Cuando todos esperaban el desfile sadomasoquista, nos enteramos de que alguien, aprovechando la distracción del público, ha hurtado la mochila con todos los implementos bondage–dominatrix y ahora tenemos que conformarnos con la música posindustrial que empieza a hacer de las suyas llevándonos a los terrenos de la locura o a cualquier lado, pero muchos de nosotros seguimos pensando en el desfile; incluso unos góticos han ido a reclamar al organizador, y este ha jurado y rejurado que hará lo posible para salvar el espectáculo y que, de todas maneras, habrá desfile así tenga que salir él mismo con una hoja de parra.

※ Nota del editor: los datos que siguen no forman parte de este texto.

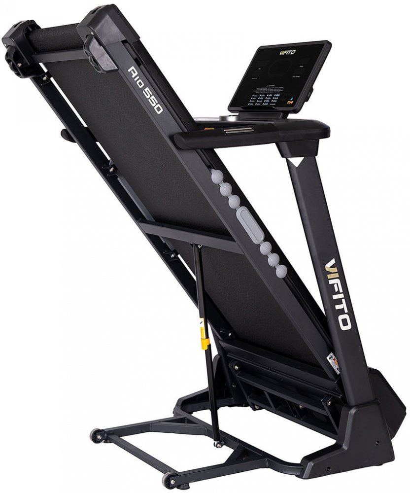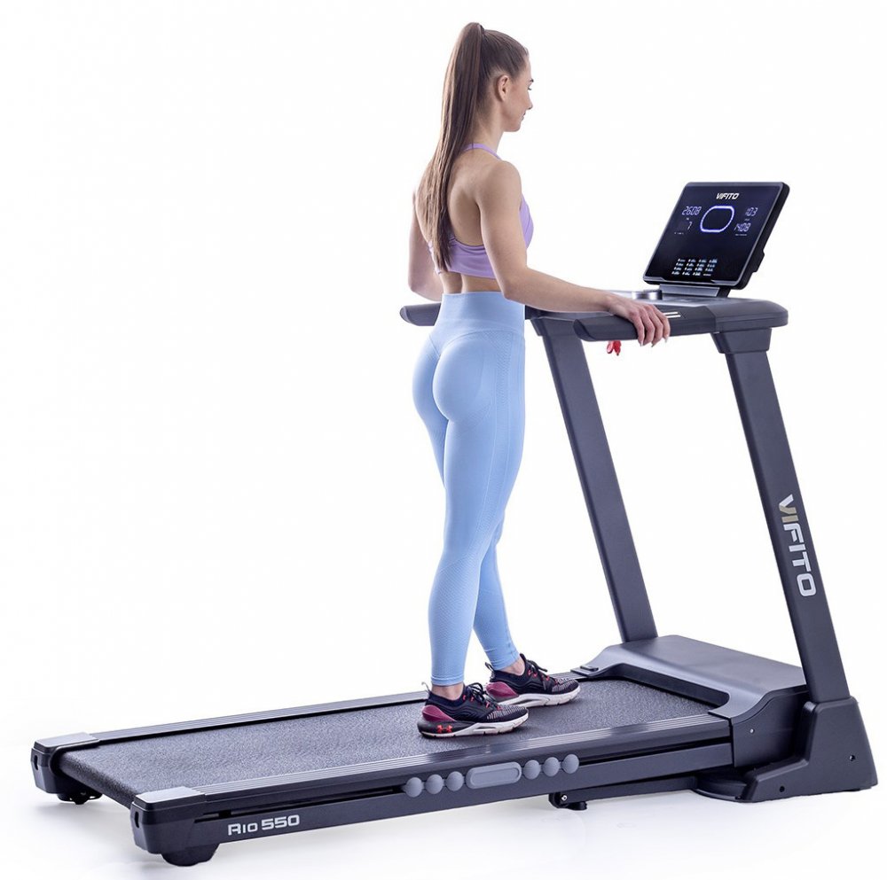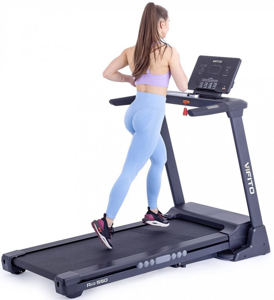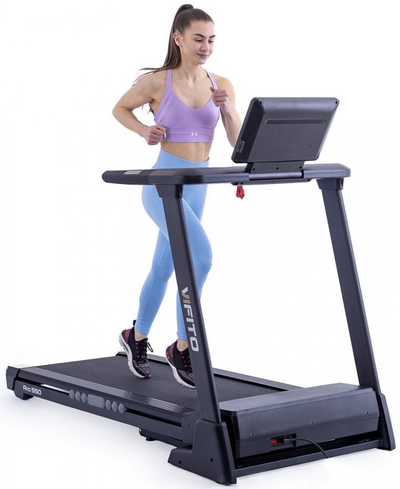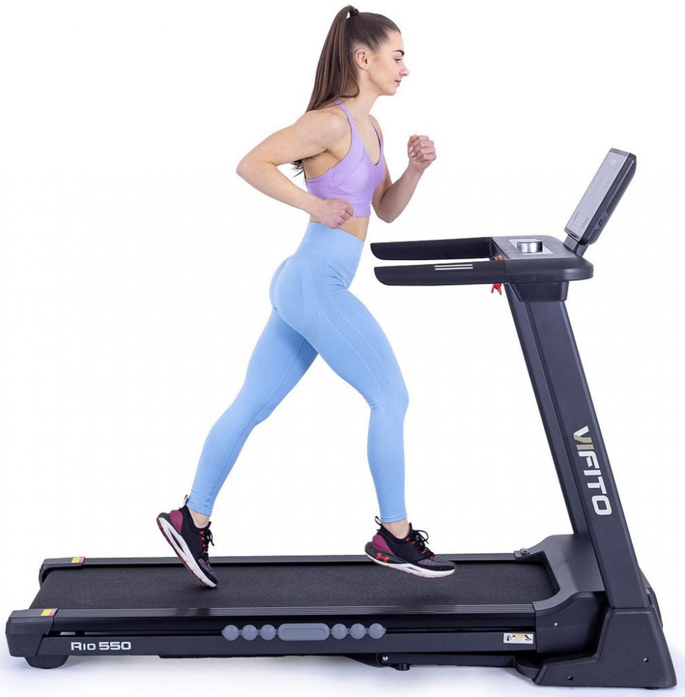 Vifito Rio 550 je kvalitní a velmi skladný běžecký pás do domácnosti. Pečlivě vyvinutá konstrukce a kvalitní odpružení běžecké plochy minimalizuje zatížení kloubů a vazů. Pás je navíc opatřen systémem odhlučnění, který omezuje vibrace a přenos došlapů do podlahy. To vše na běžecké ploše o rozměrech 140 × 52 cm. Kvalitní motor s maximálním výkonem 4,5 HP a vysokým záběrovým momentem vám umožní trén...

De modo que, como buenos soldados, montamos guardia al centro del anfiteatro, especialmente acondicionado con dos biombos de papel transparente, pero antes se anuncia que un titiritero hará una presentación especial. El acto va precedido de una música en piano, el atrezo consiste en una tarántula disecada, una calavera, velas y unos inciensos que empiezan a aromatizar el ambiente. De pronto, una muñeca con ropa de novia toma vida, se empieza a mover. El público permanece en estado de trance. La oscuridad intermitente ralentiza toda acción. La muñeca da unos pasos, gira, se retuerce, extraña al ser amado, no soporta su ausencia, sus sentimientos se rebalsan sobre la mesa, donde se ejecuta la performance y, finalmente, muere. La muerte es una tela negra que la atrapa, pero, cuando todos pensaban que el mal había triunfado, un hábil movimiento de manos logra poner un foco debajo de las faldas de la novia y esta empieza a volar, a irse por los aires y alcanza el paraíso o el erebo.

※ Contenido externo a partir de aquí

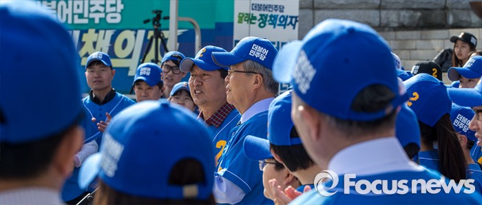(서울=포커스뉴스) 김종인 더불어민주당 비상대책위원회 대표와 정청래 더불어민주당 의원을 비롯한 당원들이 6일 오후 서울 영등포구 국회 본관 앞에서 열린 '더불어민주당 총선 응원가 뮤직비디오 촬영'에 참여해 응원가를부르고 있다.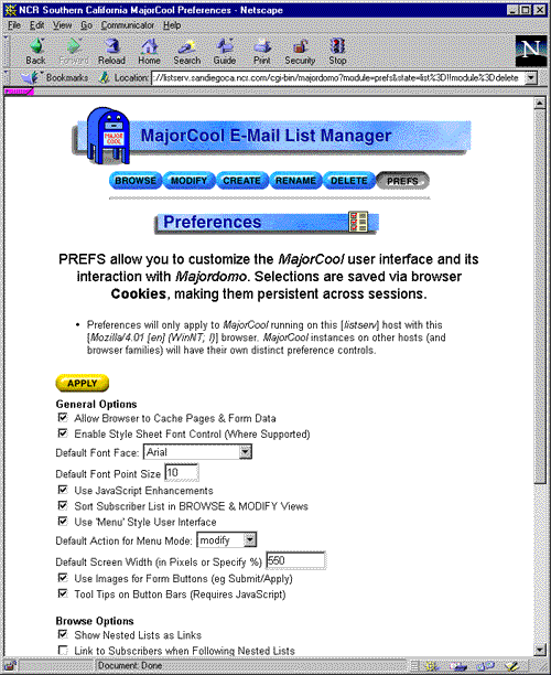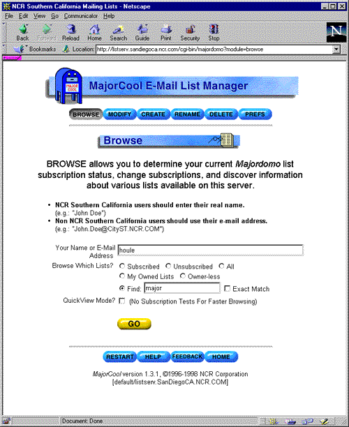 BROWSE mode is the act of viewing list information and/or changing subscription status to the lists served by Majordomo. In order for the browsing process to begin, the user is first queried for his/her e-mail address. The user also has the option at this time to limit the browsing to:

Los aplausos se suceden. Ahora solo falta el desfile, pero, a último momento, se anuncia que habrá una puesta en escena. Los parroquianos siguen sin moverse, todos esperan ver algo más, “ganarse” con algo, “comerse” algo, aunque sea con los ojos inyectados, rojos de tanto colirio Eye-Mo. El sketch tiene una trama sencilla: dos parejas se seducen y son arrastradas por sus pasiones tras los biombos. Los desnudos y las escenas de sexo se ven a través de un teatro de sombras, unos potentes focos se encargan de hacernos llegar los movimientos pélvicos, las felaciones y cunnilingus; pero el sexo heterosexual no tiene mayor trascendencia: aquí nadie hace caso a las ortodoxias sexuales o a lo politically correct en cuestiones del catre.

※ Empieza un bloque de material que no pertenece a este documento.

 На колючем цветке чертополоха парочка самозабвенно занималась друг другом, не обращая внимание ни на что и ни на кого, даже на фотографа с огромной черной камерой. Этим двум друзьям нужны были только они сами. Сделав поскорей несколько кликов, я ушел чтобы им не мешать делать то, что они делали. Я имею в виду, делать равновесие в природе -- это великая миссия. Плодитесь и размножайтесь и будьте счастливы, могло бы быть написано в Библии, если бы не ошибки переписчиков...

En la segunda escena, la cuestión cambia y se invierten los papeles: hombre contra hombre y mujer contra mujer. Todo el gallinero vuelve a alborotarse. La gente se jala de los pelos. Carcajadas, risas nerviosas, rictus, éxtasis y orgasmos múltiples se contagian y expanden vía las feromonas. La lava ardiente cae sobre los parroquianos y demás espíritus sufrientes. Es el fin. Fin del mundo en el jirón Camaná 976. Y, otra vez, miradas sospechosas sobre culos y glándulas mamarias de silicona. Bocas con afta y herpes confundidas en un beso negro. Ladridos de punks caníbales se lanzan sobre la carroña de la noche agonizante. Un camión de basura se llevará todos los recuerdos, no hay duda. No debería haber duda.